Deux titres très gais avec "good day sunshine" et "and your bird can sing", signés respectivement Paul et John, ouvraient la deuxième face du vinyl tandis qu'il reste deux morceaux signés Lennon que nous n'avons pas encore évoqués et qui, cette fois, fermaient chacune des faces. D'abord "she said she said", aux guitares distordues et aux breaks aériens de Ringo -sa marque de fabrique en 1966-1967- qui servent une musique très psyché mais néanmoins agressive et un texte relativement cinglé inspiré par un "voyage" au LSD. Enfin "tomorrow never knows" termine le disque... Construite sur un seul accord, contenant des boucles apportées par McCartney, des bandes passées à l'envers, la voix de Lennon circulant à travers un Leslie, une batterie obsédante et répétitive, le tout mis en forme par George Martin... On pourrait aisément y voir un lointain précurseur de la techno ! C'est le premier titre enregistré pour l'album, dès début avril 1966.
Ce disque est un pas de géant dans leur carrière. Il inspirera plusieurs générations de musiciens et trouvera son aboutissement l'année suivante avec "Sgt Pepper". Très équilibré pour ce qui est des contributions de chacun des membres et de la qualité des titres, il marque aussi une très nette amélioration dans la technique de jeu, en particulier pour Harrison et Starr.
La très belle pochette représente les quatre visages, dessinés à l'encre de Chine par le vieil ami de Hambourg Klaus Voormann, mélangés à des photos issues des programmes de tournées.
Hors album 1966
"paperback writer", "rain"
Sgt. Pepper's Lonely Hearts Club Band (juin 1967)
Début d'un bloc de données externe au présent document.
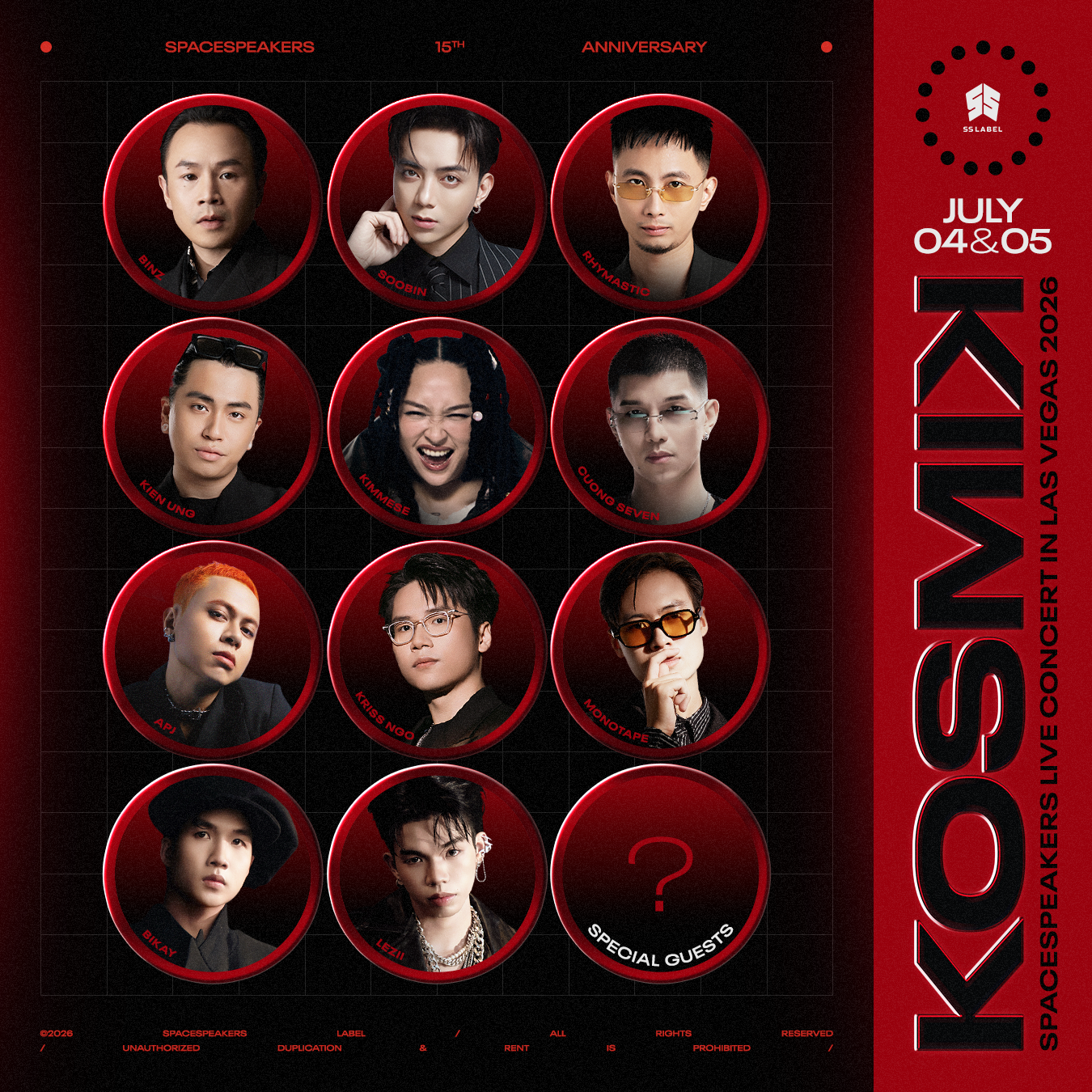 Kỷ niệm 15 năm hoạt động, SpaceSpeakers Label vừa công bố đầy đủ dàn nghệ sĩ tham gia KOSMIK Live Concert 2026, dự kiến diễn ra trong hai đêm 4 và 5-7 tại Las Vegas (Mỹ).

Août 1966, les quatre garçons cessent de courir après le vent : ils décident tout simplement d'arrêter les concerts ! Le plus vieux a 26 ans, le plus jeune 23 et ils en ont marre... Saturation totale... Dans les salles ou les stades, le public ne les entend pas tellement ça hurle ; sur scène, eux-mêmes ne s'entendent pas et du coup ne peuvent chanter juste et rendre justice à leurs morceaux. On vient de le voir, leurs arrangements progressent à grand pas et ils ne peuvent les reproduire en public. Un membre supplémentaire aurait pu régler le problème mais ce n'est pas le groupe du coin dont on fait varier la composition comme ça... Bref, stop, et on se consacre au studio.
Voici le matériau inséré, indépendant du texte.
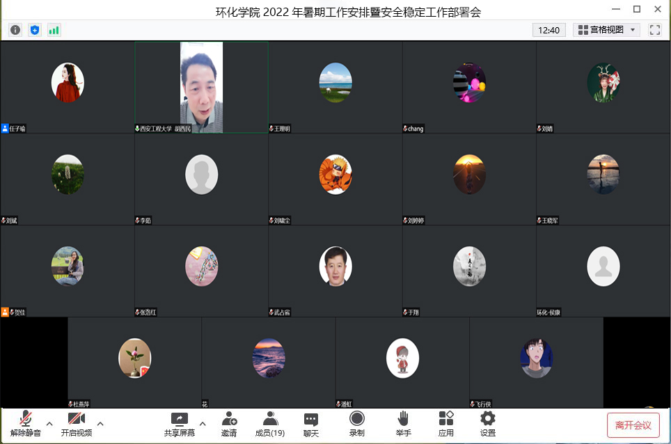 7月14日公司稳定安全工作会结束后,公司立即通过腾讯会议召开2022年暑期工作安排暨安全稳定工作线上部署会。公司党委书记胡西民、经理张洛红和党政班子全体成员,党委委员、工会主席,实验中心负责人,以及各系主任、各党支部书记、全体辅导员参加会议,会议由党委书记胡西民主持。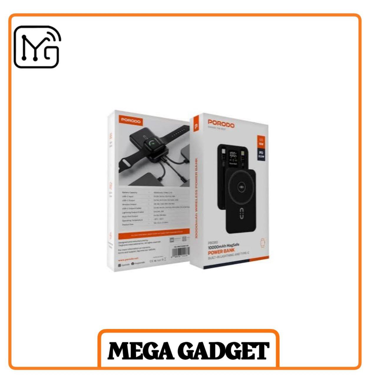 پاوربانک مگ سیف کابل متصل 22.5 وات پرودو Porodo 10000mAh Magsafe Power Bank Built-In Lightning And Type-C PD-PBFCH080
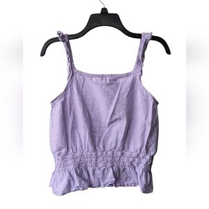 Saks Fifth Avenue Lavender Linen/Cotton Blend Smocked Ruffled Spring Camisole L

Le résultat, c'est ce disque, "Sgt Pepper" comme on le nomme. Sept cents de studio et 25000 livres à comparer à la journée et aux 400 livres de "Please please me". Afin de se donner plus de liberté, les Beatles et McCartney en particulier, auteur du concept (le grand mot est lâché même si ce n'en est pas vraiment un), s'inventent une histoire avec leur double -la fanfare du Sergent Poivre- qui joue un spectacle entier dont le disque est la reproduction sonore. D'où l'accordage des musiciens au début, les bruits du public, le Monsieur Loyal, les titres plus ou moins enchaînés et surtout une cohérence de l'ensemble.
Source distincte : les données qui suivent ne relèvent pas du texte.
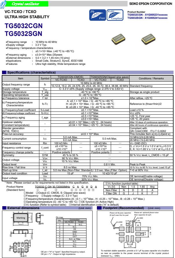 | X1G005231000900 | TG5032CGN | 25.000000 MHz | 5.00 x 3.20 x 1.45 mm | 3.135 to 3.465 V | +/-1.0 ppm | -40 to ++85 °C | +/-0.14 ppm |

"Sgt pepper", donc, ouvre la galette avec du rock bien trempé et un chant et un texte qui haranguent les spectateurs et les invitent à prendre place pour le show. Du grand McCartney qui annonce la suite en la personne de Ringo Starr qui campe le personnage de Billy Shears qui a besoin de l'aide de ses amis : "with a little help from my friends" est un des titres qui colle le plus à Ringo. C'est sans prétention mais qui d'autre que lui pouvait le chanter ? C'est une co-composition John-Paul dont Joe Cocker, entre autres, a fait une excellente et très personnelle version sur disque et à Woodstock (et à tous ses concerts depuis...) Lennon se fait ensuite conteur pour "Lucy in the sky with diamonds" qui décrit un rêve avec tout ce que ça peut compter de délire, d'images surréalistes et de brouillage de pistes. Grandiose ! Et alors... LSD ou pas ? On ne saura jamais de toute façon ! Rock, carré, joyeux : c'est "getting better" un peu dans la lignée de "good day sunshine" sur "Revolver" avec McCartney à la barre donc et toujours lui ensuite sur "fixing a hole", belle ballade pop avec clavecin et guitare électrique un peu mordante. Paul nous dit qu'il "bouche des trous par lesquels l'eau s'infiltre" et qu'il "prend son temps pour des choses qui n'étaient pas importantes auparavant"... Bref, depuis l'arrêt des tournées, il est plus disponible. Et il l'est vraiment, son ascension et sa prise en main du groupe sont palpables sur "Sgt pepper". Et il est encore là pour le titre suivant -sans doute un de ses plus beaux- "she's leaving home". On est descendu progressivement vers de l'acoustique avec seulement ici de la guitare classique, une harpe et un quatuor à cordes pour une description réaliste du départ d'une jeune fille du domicile familial. C'est superbe et les quelques mots trouvés par Lennon et chantés par lui complètent admirablement ce chef d'oeuvre. Lennon, justement, revient pour clôturer cette 1ère face avec une ambiance de cirque et de fête foraine ou plutôt de réception puisque "being for the benefit of mister kite" est la description de ce qu'il y aura le soir même à la fête en l'honneur de Mr Kite. Musicalement, rien de révolutionnaire, mais c'est bien dans l'esprit du disque. Lennon est parti d'une affiche réelle contenant vraiment quelques ingrédients cités dans le texte et qu'il a développés. Les images qui me viennent à l'esprit sont celles de la fête nocturne donnée dans le roman d'Alain-Fournier "Le grand Meaulnes".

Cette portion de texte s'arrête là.